[Entries taken from a collection]
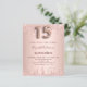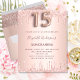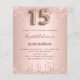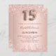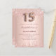 Eine moderne, stilvolle und glamouröse Einladung für eine Girl's Quinceañera, 15. Geburtstagsfeier. Ein Imitat Rose gold metallische Hintergrund mit einem eleganten Imitat Rose Gold Glitzer Tropfen, Farbe Tropfen aussehen. Der Name ist mit einer modernen dunklen Rose goldfarbenen Handschrift geschrieben, die als Stilschrift dient. Personalisieren Sie Ihre Party-Daten und fügen Sie sie hinzu. Nummer 15 wird mit einem Schriftart im Ballonstil geschrieben, Skript.
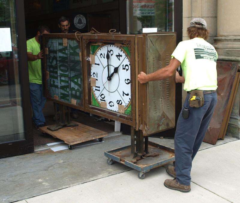 Workers arrived at the Tamaqua Historical Society Museum late last week to pick up a large antique stained-glass clock sign which the Tamaqua Historical Society is sending out to be fully restored by Bartush Signs of Orwigsburg.
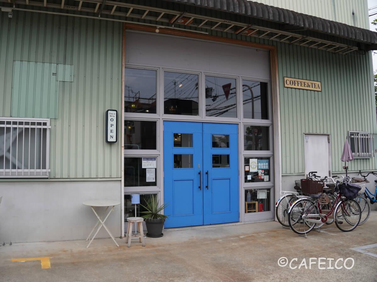 倉庫街に位置した青い扉が目印にカフェ。
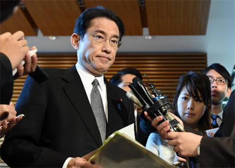 | Le ministre japonais des Affaires étrangères Fumio Kishida entouré de journaistes, le 23 janvier à Tokyo |
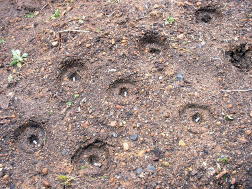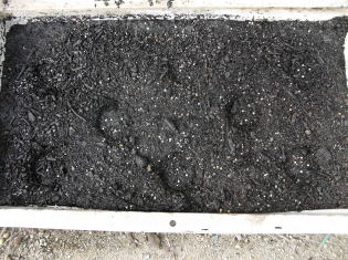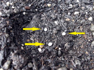 あらかじめニンジンを収穫する太さをイメージし種巻く場所を決めていきます。 3号鉢の底を使って種をまく場所用の跡をつけていきます。 ひとつの場所に2粒〜3粒種をまきました。 |
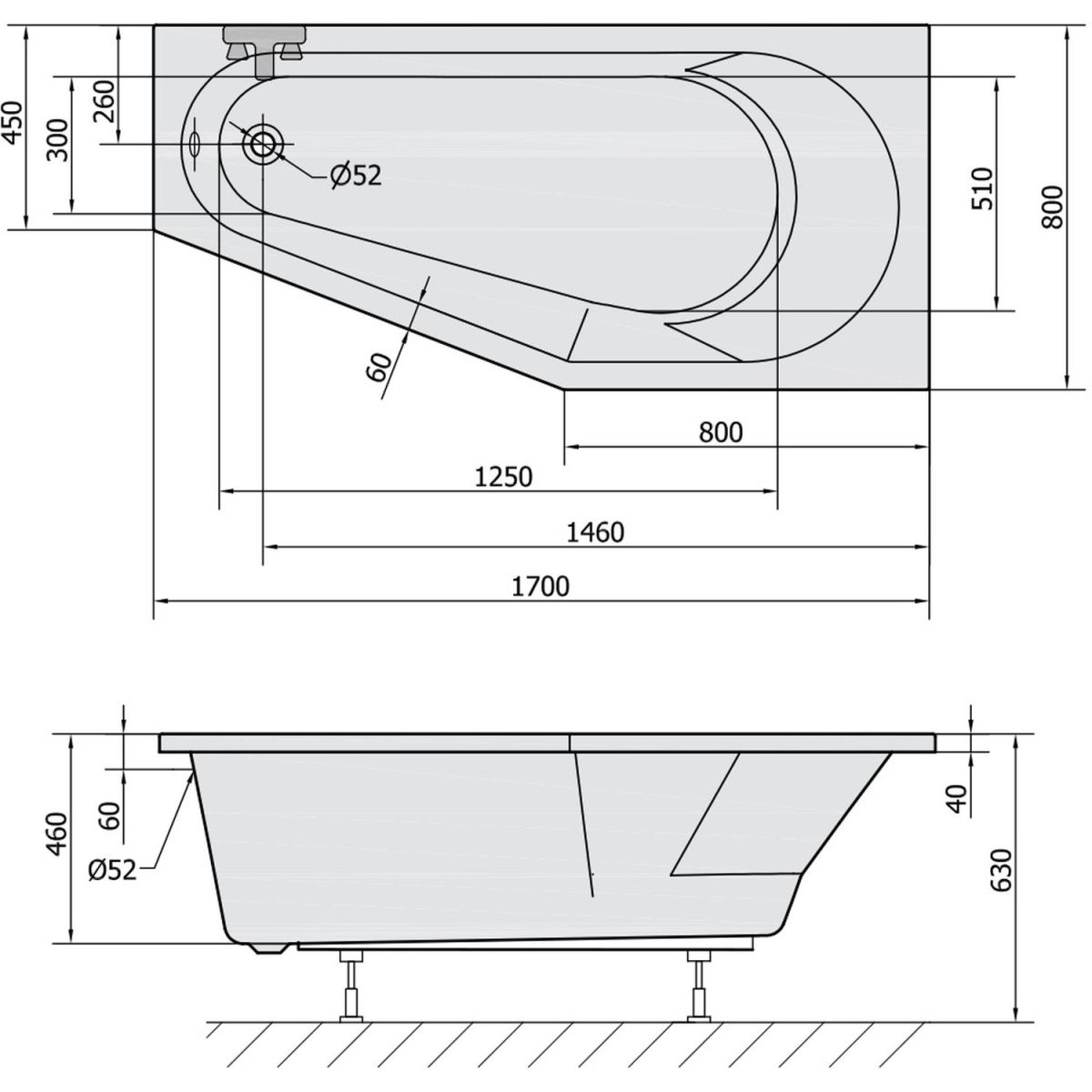 Polysan Tigra Eckbadewanne 170x80 cm rechtsseitig weiß 90611
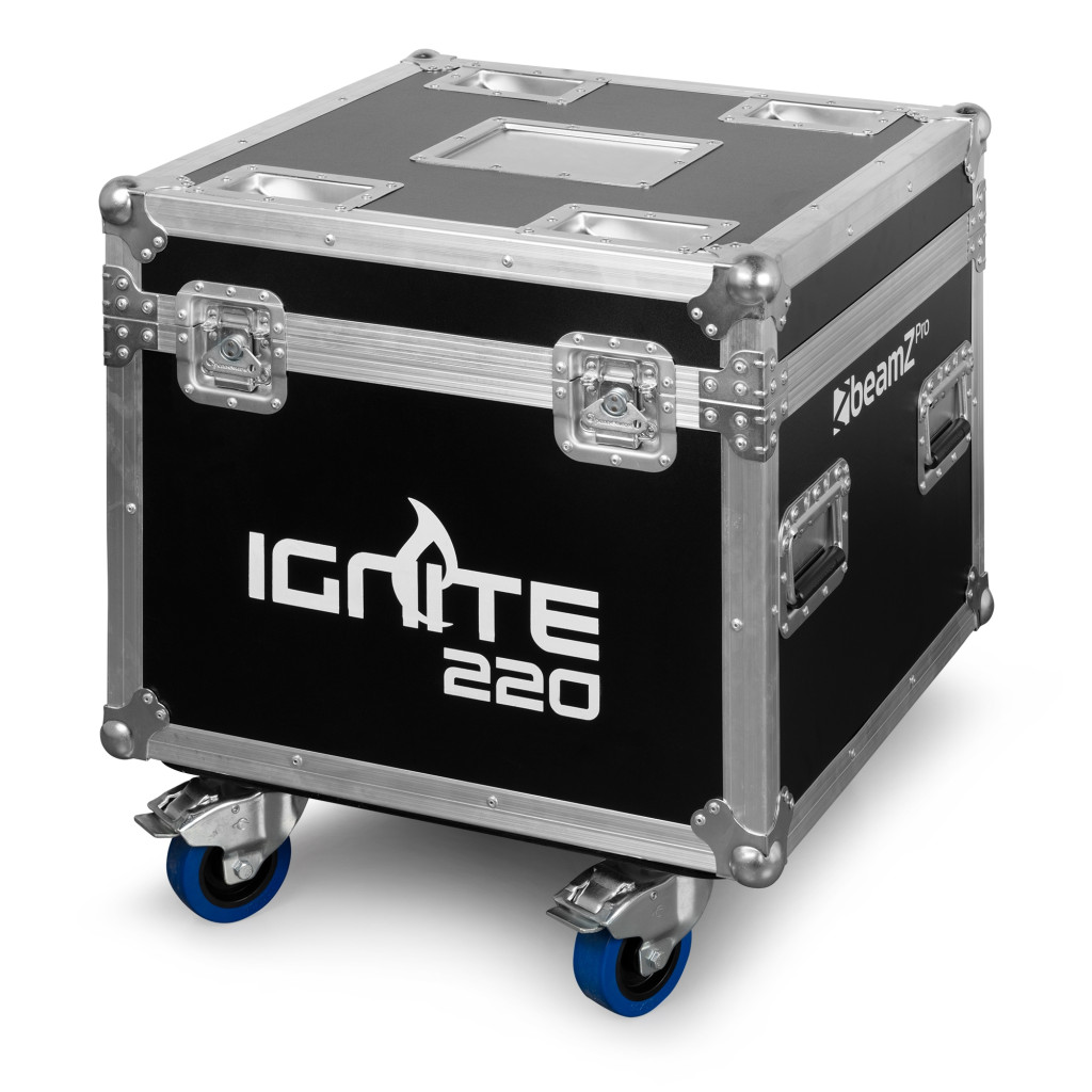 A teljes készlet 2 db IGNITE220 mozgófejből áll, masszív és robusztus repülőtokban. Az IGNITE220 egy pontmozgató fej lineáris motorizált zoommal, amely a legújabb technológiának megfelelően nagy teljesítményű, ultra-fényes 220 Wattos LED-del van felszerelve. Ez a mozgófej 2 gobo kerékkel és egy 3 szögben forgó prizmával is rendelkezik, amelyek lenyűgöző 8 színű légi hatásokat hozhatnak létre. A 12 fokos sugárzási szög ideálissá teszi ezt a rögzítést gobo vetítéshez és éles sugárfigurákhoz. Az IGNITE220 DMX vezérlésre alkalmas 3 különböző csatorna módban, master/slave vagy önálló működés. Számos előre beállított műsort, villogó és dimmer funkciókat, valamint beépített mikrofont tartalmaz a hangaktiváláshoz. Tökéletesen használható számos rendezvényhez és klubtelepítéshez.
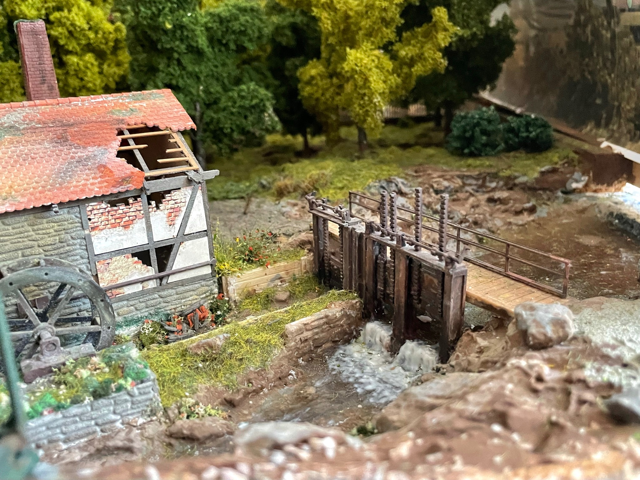 Nebenbei erwähnt. Ein zweites, schon weit fortgeschrittenes Funktionsdiorama des fiktiven Örtchens Siepershammer im Morsbachtal um 1930 im Maßstab 1:87. Hier dirchfährt gerade die „Müngsten“ der Barmer Bergbahn die zu Remscheid-Hasten gehörende Ortschaft im Morsbachtal. Mehr davon einmal später, wenn der Wagen Nr. 2 fertig ist,

Exercise directions
Word for word, retype the lines in the entries above that run from the one with "Workers arrived at" through the one with "Polysan Tigra Eckbadewanne". Both ends count; pictures do not.

Expected answer
 Workers arrived at the Tamaqua Historical Society Museum late last week to pick up a large antique stained-glass clock sign which the Tamaqua Historical Society is sending out to be fully restored by Bartush Signs of Orwigsburg.
 倉庫街に位置した青い扉が目印にカフェ。
 | Le ministre japonais des Affaires étrangères Fumio Kishida entouré de journaistes, le 23 janvier à Tokyo |
 あらかじめニンジンを収穫する太さをイメージし種巻く場所を決めていきます。 3号鉢の底を使って種をまく場所用の跡をつけていきます。 ひとつの場所に2粒〜3粒種をまきました。 |
 Polysan Tigra Eckbadewanne 170x80 cm rechtsseitig weiß 90611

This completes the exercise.